During the 1980s and 1990s, Pakistan allocated nearly three times more resources to defence than social sectors during peak competition periods with India. Mission Sudarshan Chakra would recreate these damaging dynamics on a much larger scale, forcing all regional powers into economically destructive spending competitions.
India’s broader economic development would suffer devastating consequences. Current defence spending already absorbs resources desperately needed for healthcare, education, and infrastructure development. The substantial costs associated with nuclear and missile programmes pose significant opportunity costs for economic growth that Mission Sudarshan Chakra would dramatically exacerbate.
Alternative Approaches
India’s genuine security needs would achieve better outcomes through strategic restraint and targeted conventional force improvements. Resources allocated to Mission Sudarshan Chakra could modernize India’s conventional forces, enhance intelligence capabilities, and improve border infrastructure with far greater security returns.
Cyberwarfare capabilities represent a more cost-effective security investment than missile-defence systems. China’s growing cyberwarfare capabilities pose threats that missile defence cannot address, while cyberdefences offer protection against both state and non-state actors at fraction of the cost.
The expansion of the Indian Navy remains our most pressing strategic requirement.

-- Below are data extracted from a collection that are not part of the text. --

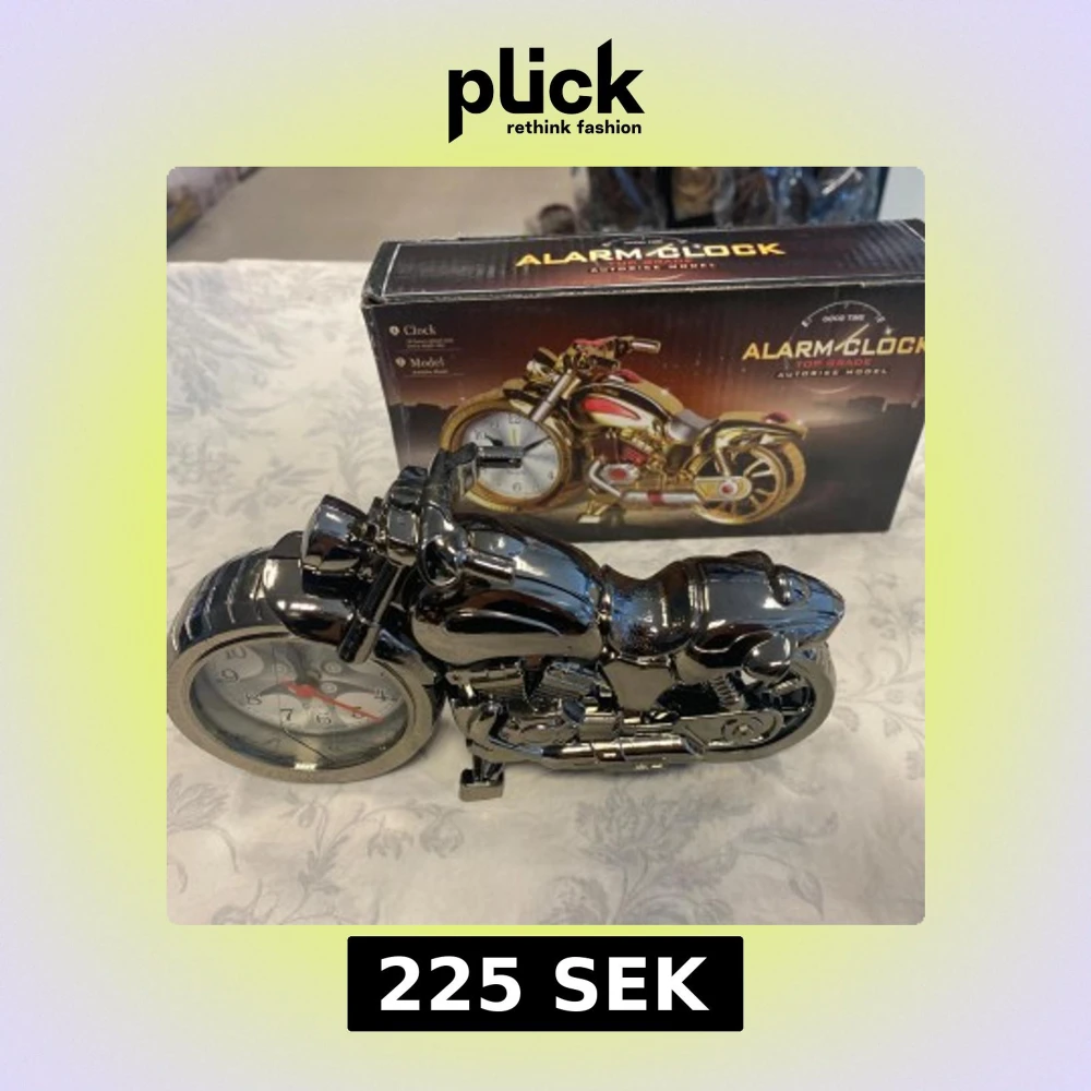 Cool motorcykelväckarklocka i metallisk design. Finns i både silver och guld med detaljer som liknar en riktig motorcykel. Klockan är placerad i framhjulet och har tydliga siffror med en röd sekundvisare. Perfekt för motorcykelentusiaster! 225kr/st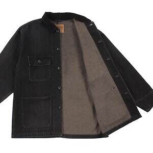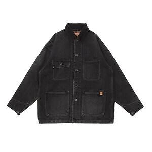 コーヒー豆の捨て殻を使った染色剤で染め上げた、日本製デニムのジャケットも要チェック。ブラックデニムの色を落とした後に特殊な後染め加工を施し、独特な深みのある風合いを表現した。3本ステッチやコーデュロイを配した衿など、ヴィンテージのジャケットから着想したディテールが目を引く一方で、シルエットはリラクシーでモダンな印象に仕上げている。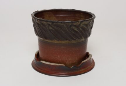 Striking Israeli ceramic pitcher (circa 1960s) by Kernat in high-gloss ochre glaze with hand-painted black, red, and green drip decoration. Modernist form / nice lines with a thick, sculptural handle. Retains the ‘Kernat Made in Israel’ label.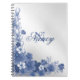 Caderno Espiral Nome do Monograma Cinza Floral Blue Silver Elegant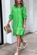 Linen Blend Solid Long Sleeve Button-Down Shirt Style Mini Dress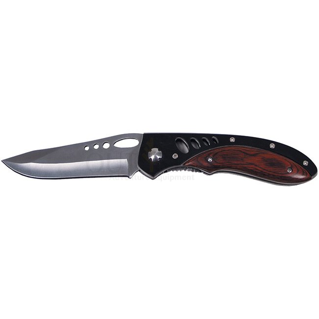 FoxOutdoor Jack Knife Wooden Insert - Black: Blade with smooth edge and perforations for easy opening. Linerlock, metal handle with wood inserts (wood grain and color may vary). Ergonomically shaped, 22.5 cm total length, 9.5 cm blade, 190 g weight.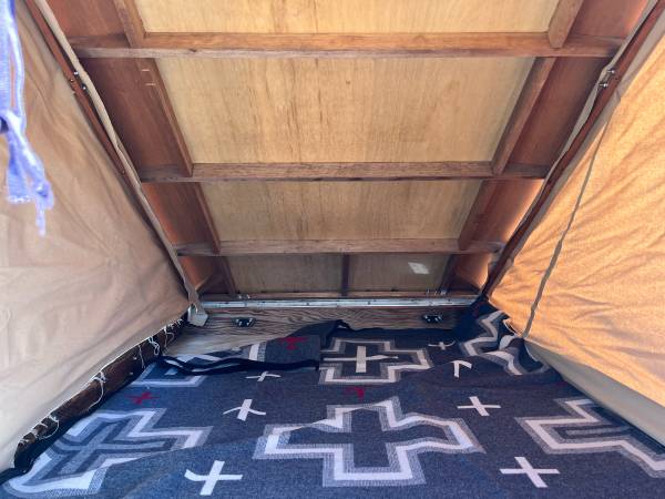 Upper pop top fits and stores a full size 3 - 4” thick mattress with bedding. Current tent is made of 6oz canvas and has one external rollup door with zippers.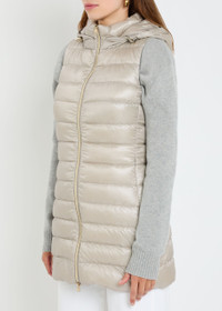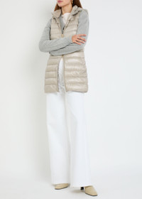 Info & Care Herno shell;gilet Quilted, detachable drawstring hood with designer plaque, high-neck,;zip-fastening side slip pockets, pearlescent finish, fully lined Two-way zip fastening through front 100% polyamide; filling: 90% down, 10% feather Hand wash Size & Fit Length shoulder to hem: 29 inches/ 73.5cm Lightweight Slim fit Model is 5'9"/ 175cm and wears a size;IT40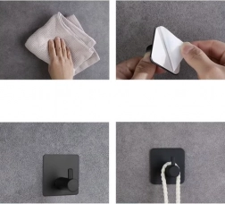 Ugradnja je brza i čista – bez bušenja i bez alata. Za maksimalno prianjanje dovoljno je očistiti površinu (npr. alkoholom), zagrijati ljepljivu podlogu sušilom za kosu i čvrsto pritisnuti. Po potrebi kuku je moguće skinuti bez oštećenja podloge i bez ostavljanja tragova.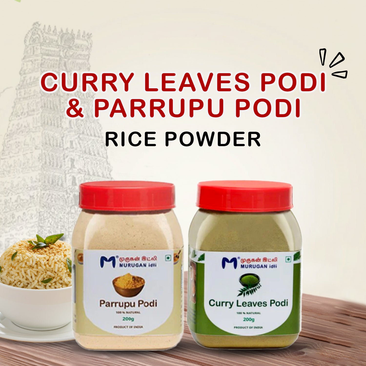 Enjoy the perfect South Indian podi pairing with the Paruppu Podi & Curry Leaves Podi Combo from Murugan Idli.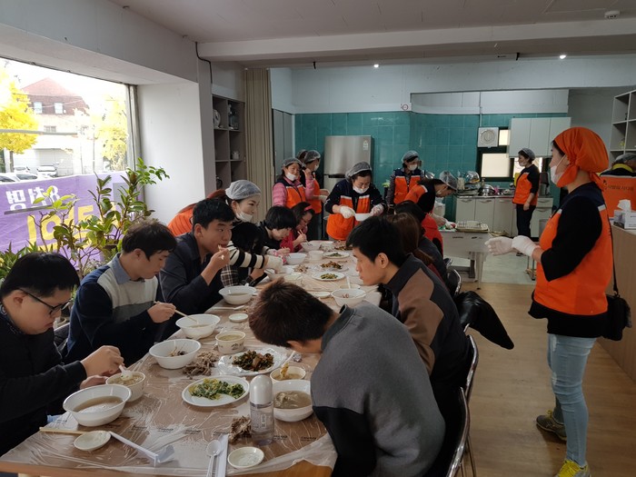 이날 삼계탕 봉사에는 유희자 단장을 비롯한 회원15명이 삼계탕, 닭죽, 묵무침, 부침개를 준비하여 50명의 발달장애인들에게 점심식사를 대접하였다.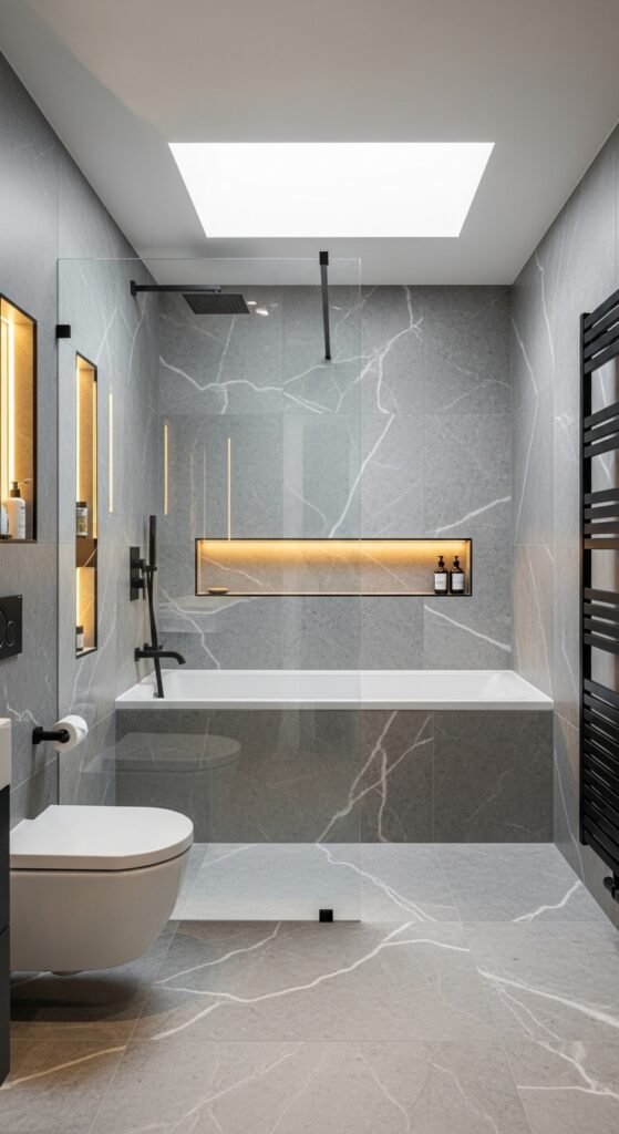 “Urban Sanctuary” meets luxury in this marble-heavy design. Grey marble, such as Carrara or Statuario with heavy grey veining, is the star. It is used on floors and walls to create a wrap-around effect that feels incredibly expensive. The “Minimalism” comes in to balance the busy pattern of the marble. Simple glass screens and floating white vanities ensure the marble remains the focal point.

China’s growing presence in the Indian Ocean requires sustained Indian naval modernization that Mission Sudarshan Chakra would financially preclude. A robust naval deterrent provides more comprehensive security than land-based missile-defence systems.
Rather than destabilizing regional equilibrium through missile-defence
proliferation, India should pursue confidence-building measures and arms control initiatives with both Pakistan and China. The Lahore Declaration of 1999 with Pakistan and various confidence-building measures along the line of actual control (LAC) with China demonstrate that diplomatic approaches can achieve meaningful security improvements.
The Path of Restraint
Mission Sudarshan Chakra represents a dangerous convergence of technological optimism and strategic miscalculation that would neither enhance Indian security nor serve regional stability. Its pursuit would
trigger destabilizing arms races while draining resources from genuine development priorities that strengthen India’s long-term strategic position.
The very nomenclature betrays the fundamental conceptual fallacy underlying this mission. The ancient Sudarshan Chakra, according to Hindu mythology, was not merely a defensive shield but the ultimate weapon of mass destruction—capable of annihilating entire armies and reshaping the cosmos itself. To name a basic defence system after an instrument of absolute and final devastation reveals a profound misunderstanding of both strategic reality and mythological symbolism. A defensive system that aspires to the power of universal destruction is destined to become the very catalyst of the chaos it seeks to prevent.
True security lies not in the illusion of technological shields but in the patient, unglamorous work of diplomacy, strategic restraint, and addressing the root causes of regional tensions. India’s rise as a global power depends more on economic development and technological innovation than on expensive defensive systems of questionable effectiveness.
The choice facing India is clear: pursue the chimera of absolute security through Mission Sudarshan Chakra and risk regional destabilization or demonstrate strategic maturity through restraint and diplomacy. History suggests that nations pursuing absolute security often achieve the opposite – and South Asia cannot afford such miscalculations. The wheel of destruction, once set in motion, recognizes no master and spares no nation.
Disclaimer: The views expressed in the article are the author’s own and don’t necessarily reflect the views of India Sentinels.